Materials and Methods

Expt. 1: Viburnum trimming time and flurprimidol performance.

Established Viburnum odoratissium and V. suspensum hedges were selected for this experiment on the campus of the University of Florida in Gainesville, FL. Hedges were divided into 3.1 m × 1.5-m plots, three plants per plot, in a split-plot, complete randomized block design where flurprimidol was the whole plot factor and trimming time was the split. As a result of inadequate hedge length at any given location, three replications were blocked in space at multiple sites at the University of Florida, Gainesville campus. In both years we selected consistent hedges for each species, V. odoratissimum and V. suspensum. Weather data were collected from the Florida Automated Weather Network (FAWN) web site supported by the University of Florida.

Flurprimidol applications, in the form of Cutless G, were made 23 Apr. 2012 and 1 May 2013 at a rate of 0 or 22.5 g/9.3 m2 (which corresponds to 15 lb Cutless G per 1000 ft2). Applications were made using a handheld rotary granular spreader with granules directed under the foliage at the base of the plant. Calibration was performed using multiple 0.093-m2 (1 ft2) calibration trays. Trimming treatments were designed around the flurprimidol application date to evaluate the effect of trimming timing on growth regulation. Five trimming dates were evaluated to investigate the interaction between trimming time and flurprimidol application. Trimming time treatments were 7 DBA, 0 DBA, 7 DAA, 14 DAA, and 21 DAA. Because flurprimidol is a root-absorbed chemical, hedges were divided into flurprimidol treated and UTC sections. This was to prevent treatment overlap and produce a more consistent plant response across replications. Trimming treatments were applied to the flurprimidol-treated and untreated sections to compare the flurprimidol performance against a control.

Flurprimidol performance was evaluated by measuring shoot regrowth length, plant biomass, and visual assessment. Nine plant shoots per plot were tagged to monitor shoot regrowth throughout the summer and shoots were not tagged until active growth was observed at a given bud. Plant biomass was harvested, per plot, at 15 to 17 weeks after application each year and dried at 50 °C for 1 week and dry weights (g) were recorded. Visual assessments were also used to evaluate flurprimidol performance across the entire plot. This assessment was a quality rating based on a 0 to 10 scale with 0 equaling a poor, uneven appearance and 10 equaling a perfect aesthetic appearance. We designated a quality rating of 3 to indicate when a hedge would need to be trimmed. The purpose of the visual assessment was to provide a quality rating for the entire plot because only nine shoots, out of an estimated 1000, could be tagged for measurement. Data were collected every 2 weeks after the final trimming treatment and continued until normal plant growth returned, 4 to 5 months after the flurprimidol application. Using a split-plot design, collected data were analyzed using analysis of variance (ANOVA) to determine the presence of main effects and interactions and means were separated using Fisher’s least significant difference (lsd) at a 0.05 significance level.

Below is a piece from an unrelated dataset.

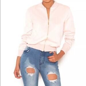 Mistress Rocks Boss Lady Pink Satin Bomber Jacket Size Small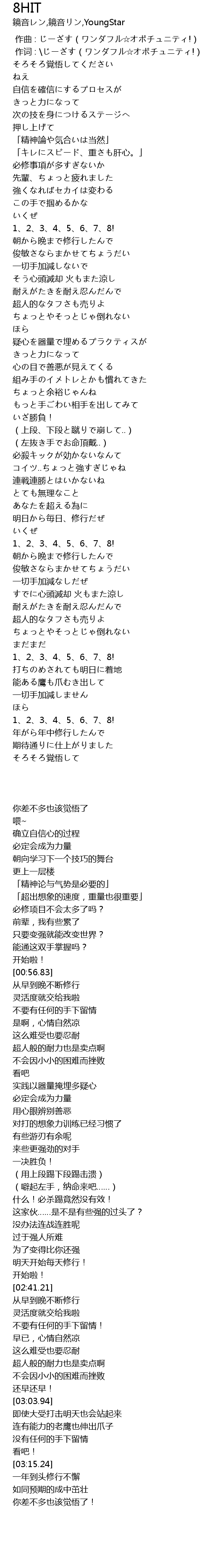 | [02:41.21] | 1、2、3、4、5、6、7、8! |

Expt. 2: Application method for flurprimidol.

Two common landscaping species were selected to evaluate the application method for flurprimidol: Elaeagnus pungens (Silverthorn elaeagnus) in Gainesville, FL, and Loropetalum chinense in Apopka, FL, for 2012 and 2013. Flurprimidol was applied at 22.5 g/a.i. (15 lbs product)/1000 ft2 for both species. Plots included four to five plants and plot size was roughly 13.9 m2 (150 ft2). Three plants were selected as data plants and the others were used as barrier plants to prevent treatment overlap.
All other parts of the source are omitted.